Financial Breakdown: What Does It Cost?
Repairing a wiped cam and failed lifters is a major engine-out or top-end-off job. The financial shock usually comes from the labor, not the parts. Here is a realistic breakdown of what you can expect to pay for a comprehensive 5.7 Hemi cam and lifter kit installation.
Parts Cost
A full kit (Cam, Hellcat Lifters, Trays, Gaskets, Head Bolts, MDS Plugs) ranges from $1,200 to $1,800 depending on the aggressiveness of the cam and brand.
Labor Hours
Book time for cylinder head removal, cam extraction, and reassembly is typically 14 to 18 hours. At $150/hr, labor easily exceeds $2,000.
ECU Tuning
Disabling MDS and mapping fueling for a new cam requires a custom tune via HPTuners or DiabloSport. Expect to spend $500 to $800 for credits and the tuner’s time.
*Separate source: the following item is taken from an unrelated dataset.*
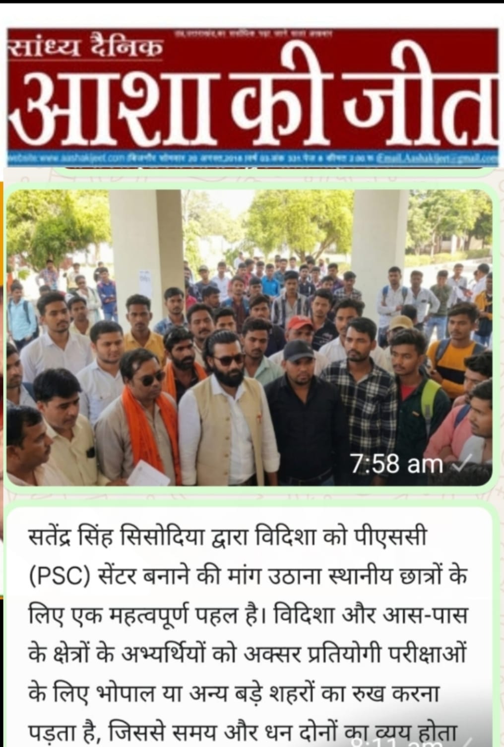 विदिशा जिले के छात्र-चो को कंपटीशन पर एग्जाम हो या किसी भी तरह की नौकरियां संबंधित परीक्षाएं जिसमें छात्रों को अपने शहर से कई किलोमीटर दूर सफर करना पड़ता है जिस कारण में समय पर परीक्षा केंद्र तक नहीं पहुंच पाते हैं और समय और पैसा दोनों ही खर्च होते हैं और शारीरिक कष्ट भी होता है इसलिए छात्र संघ और आम जनता की मांग पर विदिशा जिले में एक बड़े व्यापक स्टार परीक्षा केंद्र की मांग की गई है

Top 5.7 Hemi Cam and Lifter Kits Compared
| Brand / Manufacturer | Best Use Case | Lifter Quality | Included Components | Price Tier |
|---|---|---|---|---|
| Texas Speed & Performance (TSP) | Max Power / Custom Builds | Premium (Hellcat / Johnson) | Cam, Lifters, Springs, Pushrods, Phaser Limiter, Gaskets | $$$ |
| COMP Cams (HRT Series) | Street Performance / Sound | Premium (Non-MDS) | Cam, Lifters, Trays, Springs | $$$ |
| Mopar OEM Replacement | Restoring Stock Reliability | Standard (MDS) | OEM Cam, OEM MDS Lifters, Trays | $$ |
| Brian Tooley Racing (BTR) | Truck / Towing Upgrades | Premium (Non-MDS) | Truck Cam, Lifters, Springs, Gaskets | $$$ |
| Melling / Enginetech | Budget Repair | Standard / Aftermarket | Cam, Lifters only | $ |
The Anatomy of 5.7 HEMI Cam and Lifter Failure
The phenomenon of camshaft and lifter destruction in the 5.7 HEMI is predominantly a symptom of compromised internal lubrication culminating in needle bearing failure. While the engine’s Multi-Displacement System (MDS) is frequently blamed by consumers, the root cause is a complex convergence of dimensional block design choices, restrictive oiling pathways, and factory powertrain control module (PCM) calibration parameters.
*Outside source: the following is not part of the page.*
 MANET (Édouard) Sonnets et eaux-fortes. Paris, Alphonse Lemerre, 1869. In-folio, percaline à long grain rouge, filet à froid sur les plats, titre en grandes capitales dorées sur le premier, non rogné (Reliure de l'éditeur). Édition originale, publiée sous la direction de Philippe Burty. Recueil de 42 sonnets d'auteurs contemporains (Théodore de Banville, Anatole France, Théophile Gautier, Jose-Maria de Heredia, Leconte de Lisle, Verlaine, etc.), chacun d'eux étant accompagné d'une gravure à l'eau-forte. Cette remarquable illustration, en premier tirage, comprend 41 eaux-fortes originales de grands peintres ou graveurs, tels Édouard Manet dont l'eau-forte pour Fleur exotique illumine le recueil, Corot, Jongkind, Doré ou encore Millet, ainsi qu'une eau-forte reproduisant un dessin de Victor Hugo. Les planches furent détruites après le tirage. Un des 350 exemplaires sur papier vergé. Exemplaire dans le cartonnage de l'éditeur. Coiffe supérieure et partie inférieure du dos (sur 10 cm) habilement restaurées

Oiling Architecture and Splash Starvation
The Gen III HEMI hydraulic lifter feed routes oil in a manner that is reversed compared to traditional pushrod V8 engines. Oil travels up from the pump through a passage at the deck of the engine block, passes through a restrictor engineered into the head gasket, and moves up around the head bolts into the cylinder head.
From there, it enters the rocker shaft, flows through the rocker body to the pushrod, and finally travels down the hollow pushrod to reach the lifter.
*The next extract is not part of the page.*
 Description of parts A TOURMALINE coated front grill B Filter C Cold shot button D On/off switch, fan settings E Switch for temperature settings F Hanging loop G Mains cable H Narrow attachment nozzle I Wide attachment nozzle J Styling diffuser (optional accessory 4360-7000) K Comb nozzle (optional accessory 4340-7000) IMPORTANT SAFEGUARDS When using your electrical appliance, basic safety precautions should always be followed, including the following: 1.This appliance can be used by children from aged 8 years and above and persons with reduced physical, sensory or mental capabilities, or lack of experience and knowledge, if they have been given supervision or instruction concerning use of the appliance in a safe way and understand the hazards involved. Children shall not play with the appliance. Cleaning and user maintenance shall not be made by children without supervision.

Crucially, the lifter bores themselves receive absolutely no pressurized oil flow from the engine block when the MDS system is inactive. During standard eight-cylinder operation, the lifter bodies rely almost entirely on splash lubrication generated by the rotating assembly.
However, the HEMI engine utilizes a notably high camshaft-to-crankshaft centerline distance of 7.464 inches—significantly taller than the 4.521-inch centerline found in traditional small-block architectures.
At low engine speeds, the crankshaft cannot agitate enough oil to bridge this vertical gap, leaving the lifter bodies and their roller wheels starved of crucial splash lubrication.
The Needle Bearing Defect
Early iterations of the HEMI valvetrain utilized large roller bearings on the lifters. Subsequent redesigns for the modern Gen III engine reduced the physical size of these internal needle bearings while simultaneously increasing the axle diameter. These smaller needle bearings struggle to manage the immense valvetrain loads imposed by the engine, particularly under the poor lubrication conditions present at low RPMs.
When oil starvation occurs during prolonged periods of idling, these microscopic needle bearings dry out and seize. Consequently, the lifter roller stops spinning and begins to drag or skid across the hardened steel of the camshaft lobe. Over time, this severe metal-on-metal friction grinds the cam lobe completely flat, dispersing fine metal shavings throughout the engine block and oiling system.
As the lobe degrades, the corresponding engine valve fails to open fully, inevitably triggering a P0300 (Random/Multiple Cylinder Misfire) or a cylinder-specific misfire diagnostic trouble code.
Idle Hours, Calibration, and the Fleet Phenomenon
Factory PCM calibrations heavily exacerbate this oiling deficit. To meet stringent federal emission standards, 5.7 HEMI engines equipped with MDS are tuned to target an exceptionally low hot idle speed of 500 to 550 RPM, requiring ultra-thin 5W-20 synthetic engine oil.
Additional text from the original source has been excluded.